Fraser, in Tokyo this week, expressed his hope that trade ties between Japan and Australia will be strengthened by concluding the Trans-Pacific Partnership free-trade initiative.
"I also wanted to send a personal thank-you on behalf of . . . the people of Queensland for the generosity of many Japanese people and Japanese companies, like . . . our sister state Saitama, who have given very generously to the people of Queensland during our time of need," Fraser said Tuesday.
According to Fraser and his government, the storms killed 36 people and caused major damage to the coal, agriculture and livestock industries.
To help the region, the Japanese government and companies have so far donated a total of around 3.5 million Australian dollars (around ¥290 million) to the Queensland government, Fraser said.
"This demonstrates the long-standing relationship between the people of Japan and the people of Australia," he said.
Despite the vastness of the Queensland road network, whose total length would be about the same as making a round trip between Brisbane and London, Fraser said, repairs have reopened about 90 percent of the state's highways.
The TPP negotiations, built around a free-trade accord that took effect in 2006 among Brunei, Chile, New Zealand and Singapore, are under way to expand the framework to include five other Asia-Pacific countries, including the United States and Australia.
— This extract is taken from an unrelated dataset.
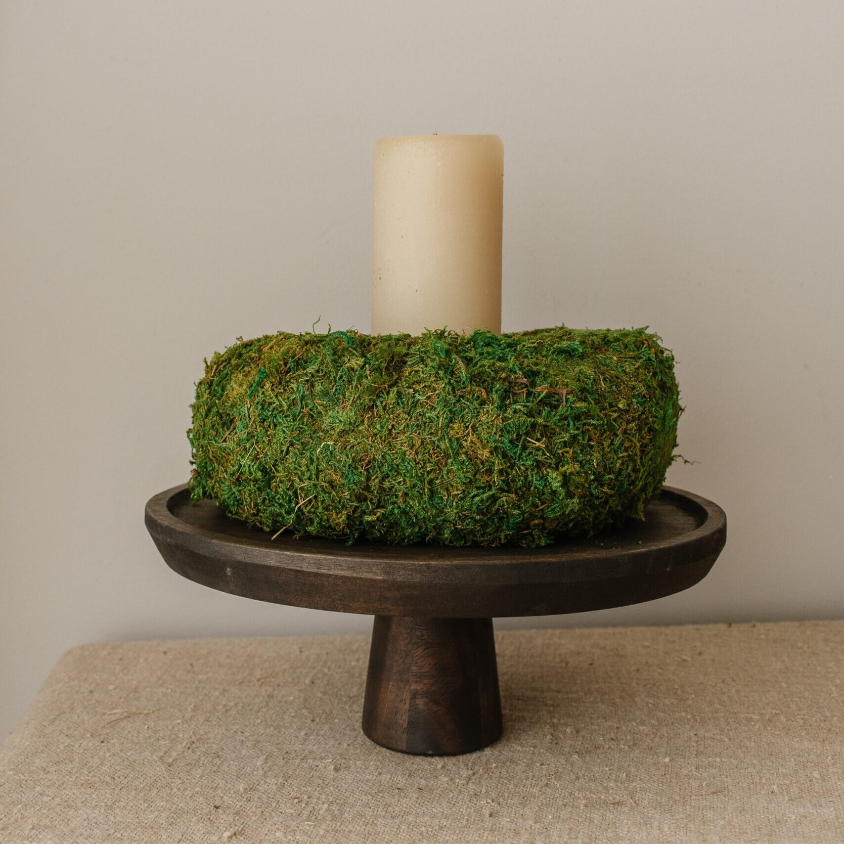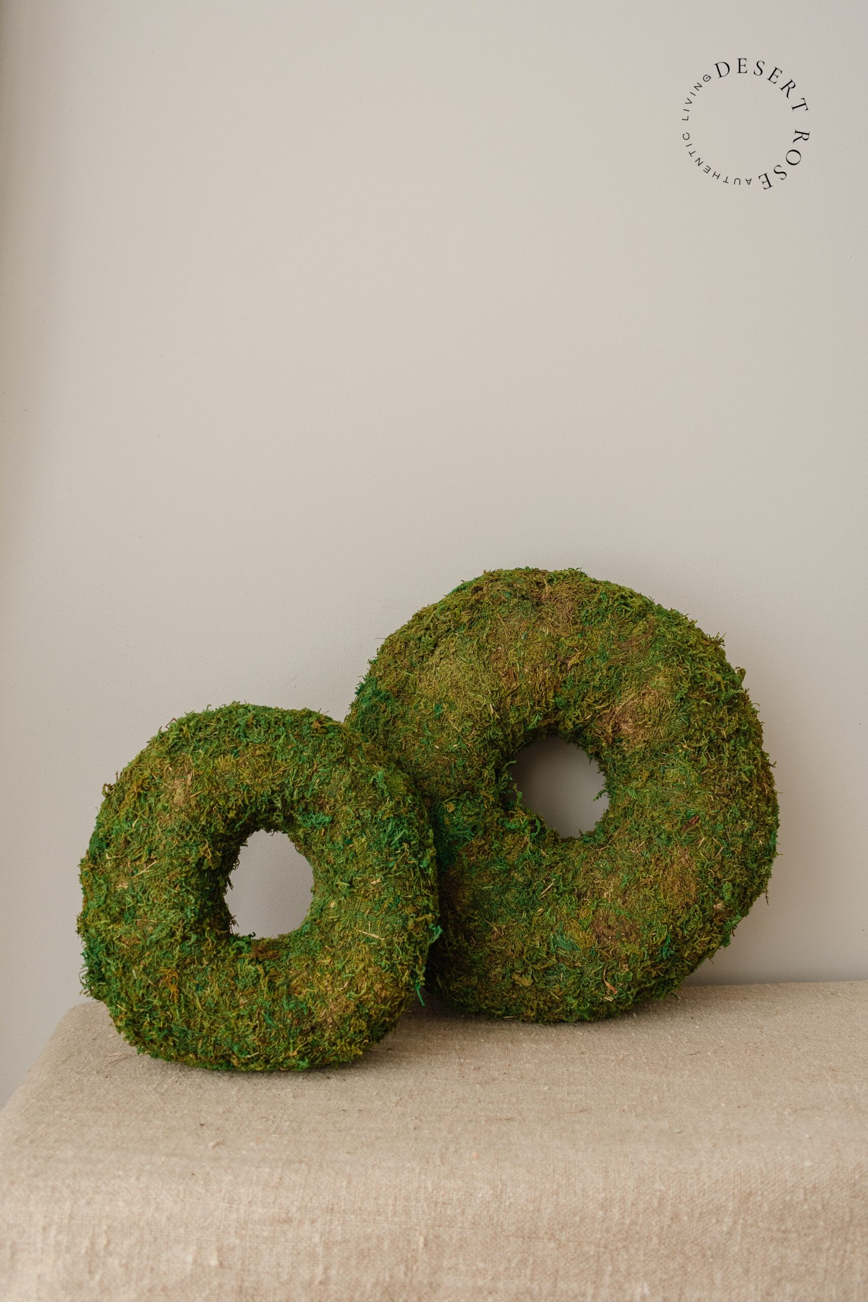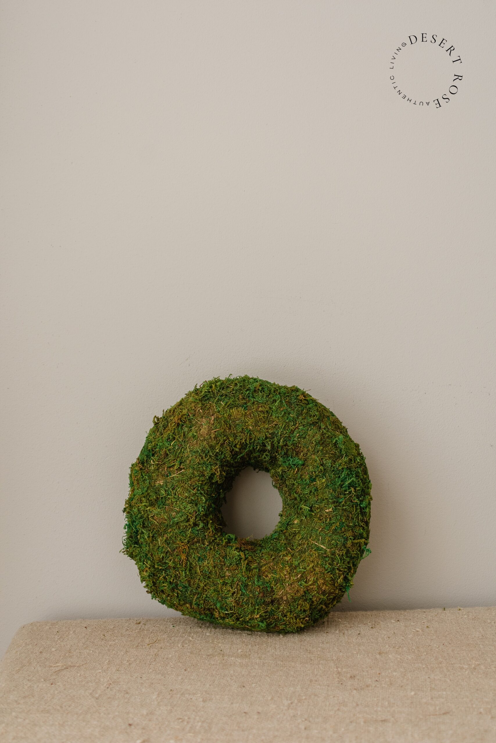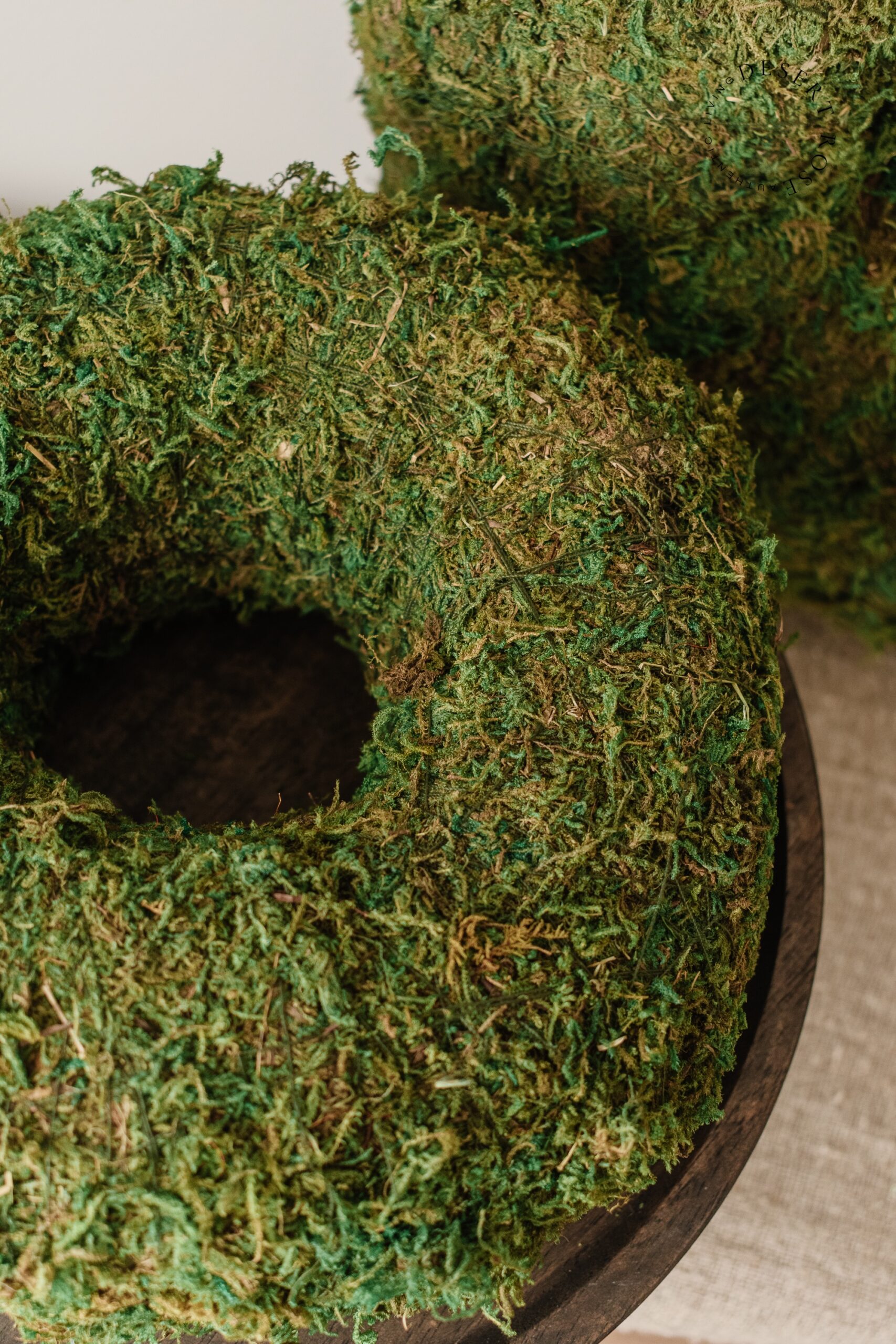 Een erg volle mos krans met een diameter van ongeveer 25cm. Dankzij het formaat is de krans ideaal om op te hangen aan een deur, raam of muur, of als decoratieve basis op een plateau of in een houten schaal.

Prime Minister Naoto Kan has said he plans to decide around June whether to join the talks.
"We know that negotiations both in terms of the TPP and the free-trade agreement between Australia and Japan are progressing and we are keen and eager to see them concluded to our mutual benefit," Fraser said.
He came to Japan on Tuesday for a three-day visit to meet with officials of firms dealing in resources and others interested in doing business in Queensland.